In epoca rinascimentale a Firenze si giocava il c.d. “calcio
fiorentino”, lontano parente di quello attuale, che era
molto diffuso anche in città quali Bologna, Padova, Venezia,
ecc. Esso però venne proibito in molti altri centri in
quanto considerato “troppo violento”. Anche le autorità
politiche fiorentine si videro costrette nel 1580 ad emanare una
“grida” che sanciva il divieto di praticarlo perché
tale competizione sportiva degenerava facilmente in “risse,
scandali et inimicitie”. Il genio di Leonardo, che tra le
altre cose aveva trovato il tempo di ideare un pallone realizzato
“con pelli di animali, rimbalzante e sfuggente e tale da
corrergli dietro”, focalizzò la sua attenzione non
tanto e non solo su quelli che erano gli aspetti tecnici del gioco
ma soprattutto sulle reazioni degli spettatori e dei giocatori
che potevano a tal punto essere presi dal gioco da parteciparvi
“con urla, stridori e bestemmie”. Per usare una frase
abusata “niente di nuovo sotto il sole”. Nell’arco
di pochi giorni siamo passati dalla morte di un dirigente di una
squadra di calcio di terza categoria, cioè la minima dimensione
del calcio, all’omicidio di un ispettore di Polizia avvenuta
al termine del derby siciliano tra il Catania ed il Palermo, militanti
nella massima divisione.Cosa fare perchè il calcio non
rimanga più quella zona franca in cui domina il senso dell’
impunità e dove perciò tutto sembra essere permesso,
ove impera l’anarchia e l’assenza di regole e di comportamenti
virtuosi e dove l’etica sembra essersi definitivamente eclissata?

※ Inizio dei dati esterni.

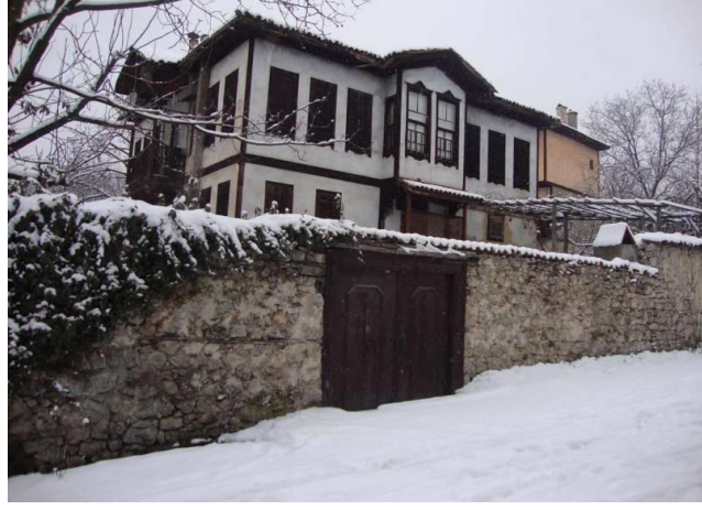
Şekil 4. Bağlar Bölgesi geniş bahçeli konut detayı

Varlıklı ailelerin bir bölümü, sahip oldukları çeltik tarlalarını ve diğer mal varlıklarını satarak Safranbolu'yu terk ederler. Kimi aileler ise oğullarını dönemin gelecek vaat eden uğraşısı bürokrasiye, devlet kurumlarına yönlendirirler. Bazı Safranbolulu ailelerin Şehir-Bağlar çatışması neticesinde evlerini Safranbolu'nun köyünden gelen Safranbolu köylülerine satmaları buradaki maddi varlıkların kaybedilmesine yol açar. Varlıklı ailelerin bir kısmı merkezden Bağlar'a doğru tamamen göçtükleri için Safranbolu tarihi çarşısı ana merkez özelliğini kaybetmeye başlar (Kiray, 1988, s.43, 54). Kentli olarak tanımlanan Safranboluluların bu bölgeyi değişik gerekçelerle terk etmesi buradaki evlerin yok pahasına satılmasına yol açar. Bu evlerin yeni sahipleri Safranbolu'nun köylerinden gelen köy kökenli hemşerileridir. Eğitim, tarım, sağlık işleri başta olmak üzere köylerden kente göçü teşvik eden birtakım nedenler vardır. Ayrıca fabrikada işçi olarak çalışmaya başlayanlar azımsanmayacak sayıdadır. Bu evlerin yeni sahipleri maddi durumları iyi olmadığı için evlerde önemli tadilat işleri gerçekleştiremezler, doğal olarak konutların korunması süreci bu aşamada devam eder.
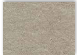
90 4m + 5m
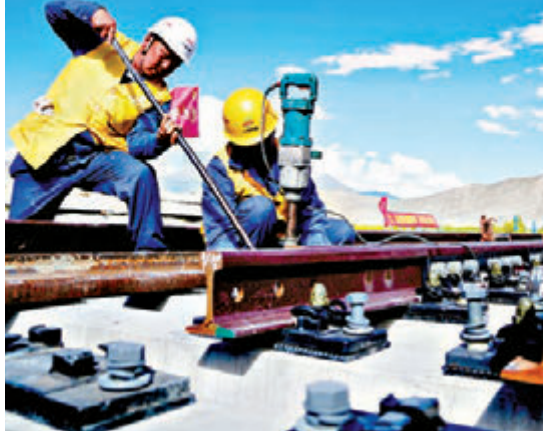
■工人在川藏鐵路拉林段首個新建車站，貢嘎車站鋪設道岔。

香港文匯報訊 據新華社報道，中共中央總書記、國家主席、中央軍委主席、中央財經委員會主任習近平10日下午主持召開中央財經委員會第三次會議，研究提高中國自然災害防治能力和川藏鐵路規劃建設問題。
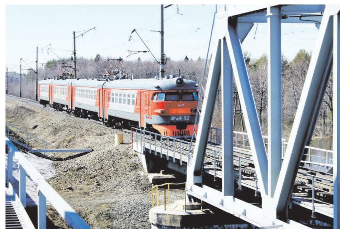
▲ Железнодорожный мост через реку Теша.

Мы продолжаем публикацию фотографий достопримечательностей города, его окрестностей, красивейших мест городского округа, присланных нашими читателями. Напоминаем: фото присылайте на электронный адрес: prpravda@mail.ru или приносите в редакцию (г. Навашино, ул. 1 Мая, д.6). Не забудьте написать название фотоработы (или что изображено) и автора.
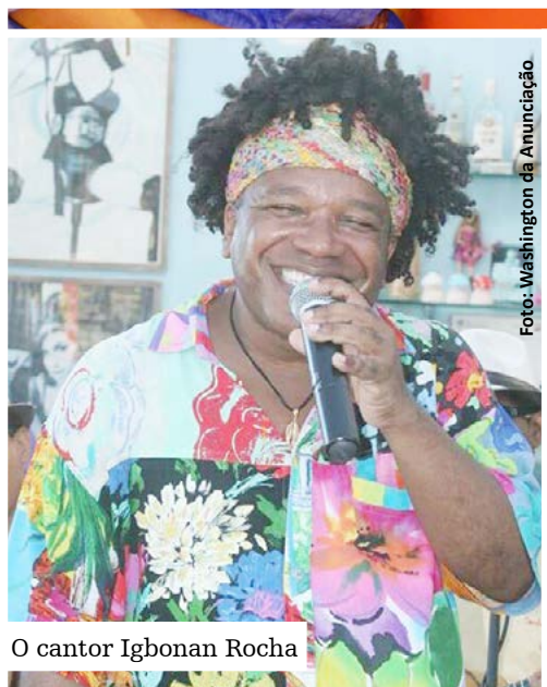
O cantor Igbonan Rocha
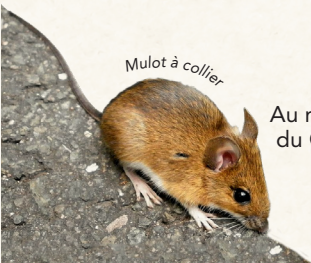
Mulot à collier

Au menu de notre chouette, principalement du Campagnol des champs, du Campagnol roussâtre, de la Musaraigne musette, et du Mulot sylvestre et plus rarement, du Mulot à collier.
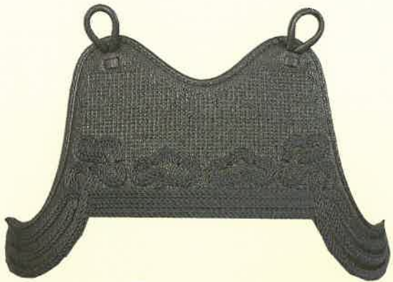
① 刺 胸
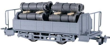
217 20 510 H0 Betonröhren 217 22 510 H0m
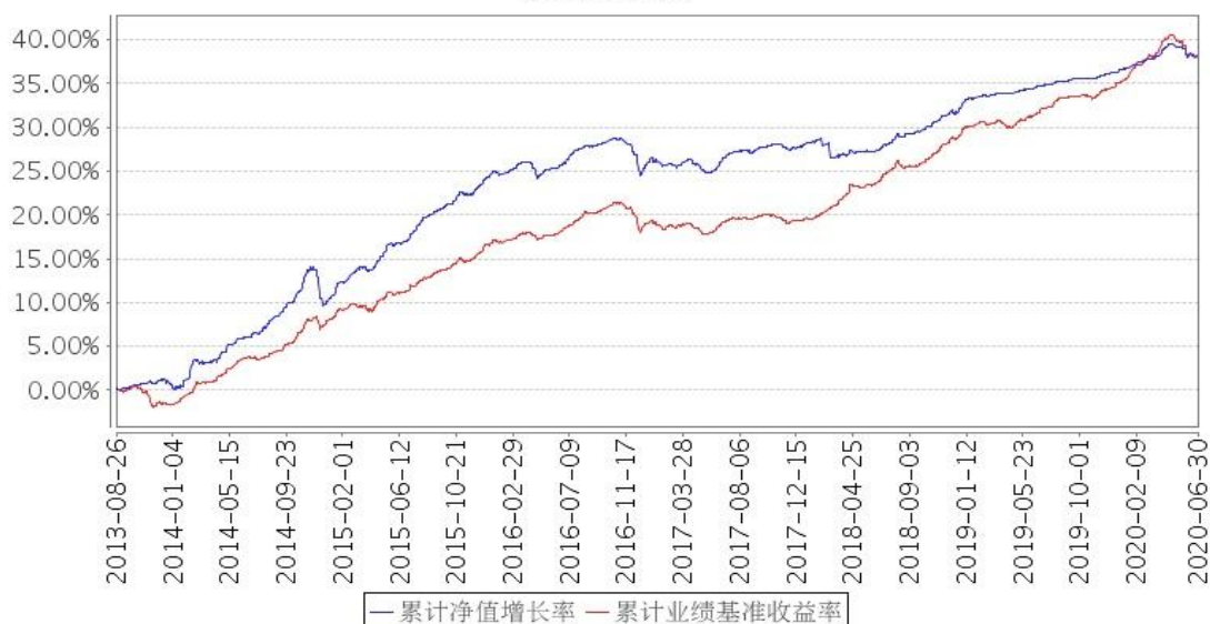
景顺长城景兴信用纯债债券A类累计净值增长率与同期业绩比较基准收益率的历史走势对比图

Cosa fare per dare speranza a questo mondo del calcio così
malato come testimoniato da un succedersi di eventi che stridono
con la benché minima deontologia sportiva: calciopoli,
il doping farmaceutico e quello amministrativo, le false fideiussioni,
i ripetuti e impuniti falsi in bilancio, gli stadi inadeguati
e non a norma, il rifiuto sistematico di ogni civile convivenza?
Occorrerebbe coltivare quelli che S.Agostino aveva definito i
due figli, entrambi belli, della speranza: lo sdegno ed il coraggio,
sdegno per le cose per come esse si presentano e coraggio, invece,
nel volerle veramente cambiare, voltando definitivamente pagina.
Qual’è la verità? Certo al verificarsi di
situazioni così orribili lo sdegno si leva alto, viene
manifestato in ogni sede istituzionale o meno, ma poi vediamo
che tale atteggiamento dura appena lo spazio di un mattino e finiscono
per prevalere subito dopo altri interessi per cui lo spettacolo
deve “necessariamente” continuare al dichiarato scopo
di evitare “guai peggiori”. Come si vede siamo al
più trito “panem et circenses”, espressione
latina con la quale si voleva indicare l’appagamento e perciò
lo “stordimento” delle masse per distrarle da altri
problemi che potevano mettere in difficoltà il potere costituito.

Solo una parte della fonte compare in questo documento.